L’égal accès à l’instruction est garanti par le treizième alinéa du Préambule de la Constitution de 1946, auquel se réfère celui de la Constitution de 1958. Ce droit, confirmé par l’article 2 du premier protocole additionnel à la convention européenne des droits de l’homme et des libertés fondamentales, est en outre rappelé à l’article L. 111-1 du code de l’éducation qui énonce que : « le droit à l’éducation est garanti à chacun ». L’exigence constitutionnelle d’égal accès à l’instruction est mise en œuvre par les dispositions de l’article L. 131-1 du même code, aux termes desquelles : « L’instruction est obligatoire pour chaque enfant dès l’âge de trois ans et jusqu’à l’âge de seize ans » ainsi que par celles de l’article L. 112-1 qui prévoient : « Pour satisfaire aux obligations qui lui incombent en application des articles L. 111-1 et L. 111-2, le service public de l’éducation assure une formation scolaire, professionnelle ou supérieure aux enfants, aux adolescents et aux adultes présentant un handicap ou un trouble de la santé invalidant (…) ».

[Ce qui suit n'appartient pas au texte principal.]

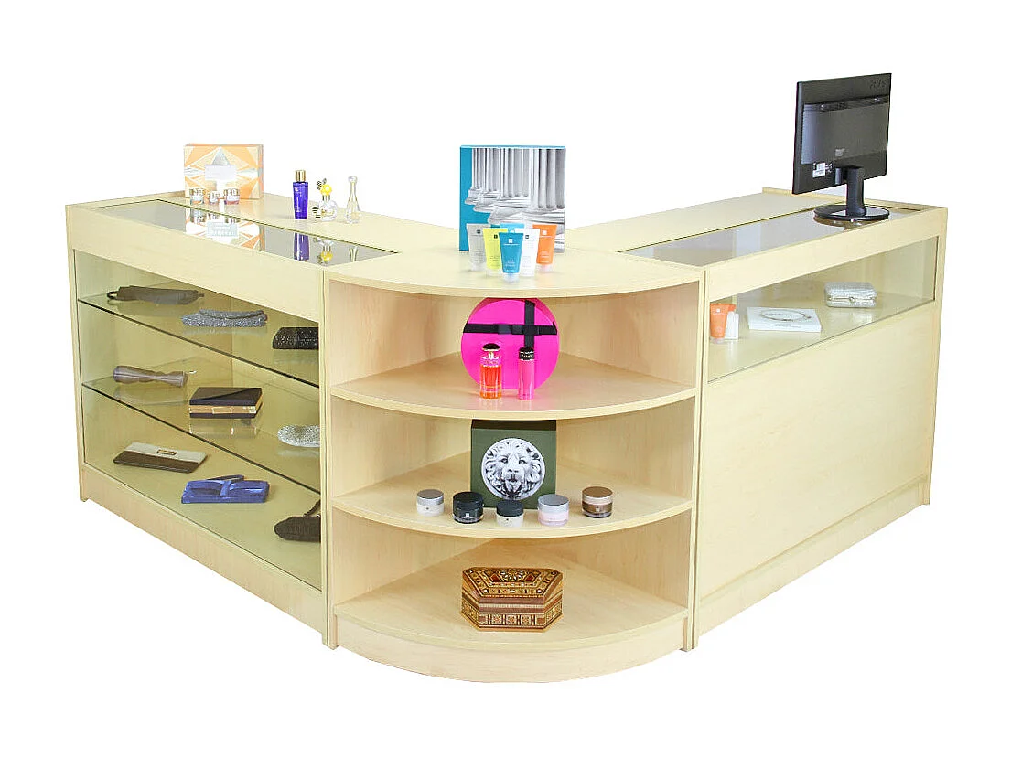 Set Aquarius con 3 Banconi da Negozio con Finitura in Acero Laminato

La privation pour un enfant, notamment s’il souffre d’un handicap, de toute possibilité de bénéficier d’une scolarisation ou d’une formation scolaire adaptée, selon les modalités que le législateur a définies afin d’assurer le respect de l’exigence constitutionnelle d’égal accès à l’instruction, est susceptible de constituer une atteinte grave et manifestement illégale à une liberté fondamentale, au sens de l’article L. 521-2 du code de justice administrative, pouvant justifier l’intervention du juge des référés sur le fondement de cet article, sous réserve qu’une urgence particulière rende nécessaire l’intervention d’une mesure de sauvegarde dans les quarante-huit heures. En outre, le caractère grave et manifestement illégal d’une telle atteinte s’apprécie dans les circonstances propres à l’espèce en tenant compte, d’une part, de l’âge et de l’état de l’enfant et, d’autre part, des diligences accomplies par l’autorité administrative compétente ainsi que des moyens dont elle dispose.

4. S’il résulte de l’instruction que le fils de M. B... ne bénéficie pas de l’aide individualisé qui lui a été accordée le 10 octobre 2025, à savoir un accompagnement des élèves en situation de handicap (AESH), valable du 9 octobre 2025 au 31 août 2026, y compris sur les temps méridiens, dans l’école de Lescar où il est scolarisé (classe CP Ulis de l’école Paul Fort), et qu’il ne bénéficie d’un accompagnement mutualisé, décrit comme très insuffisant et comme conduisant, de fait, à limiter son temps de présence à l’école, et s’il produit des échanges de mails avec le rectorat de Bordeaux et l’école, la situation décrite, aussi regrettable soit-elle, ne caractérise cependant pas l’existence d’une situation d’urgence particulière de nature à justifier l’intervention du juge des référés dans le délai très bref prévu à l’article L. 521-2 du code de justice administrative.

5. Par suite, les conclusions présentées par M. B... doivent être rejetées selon la procédure prévue par l’article L. 522-3 du code de justice administrative.



O R D O N N E :


Article 1er : La requête de M. B... est rejetée.




Article 2 : La présente ordonnance sera notifiée à M. A... B....

Copie pour information sera adressée au rectorat de l’académie de Bordeaux.


Fait à Pau, le 11 mars 2026.


La juge des référés,



S. PERDU


La République mande et ordonne au ministre de l’éducation nationale en ce qui le concerne, ou à tous commissaires de justice à ce requis en ce qui concerne les voies de droit commun contre les parties privées, de pourvoir à l’exécution de la présente ordonnance.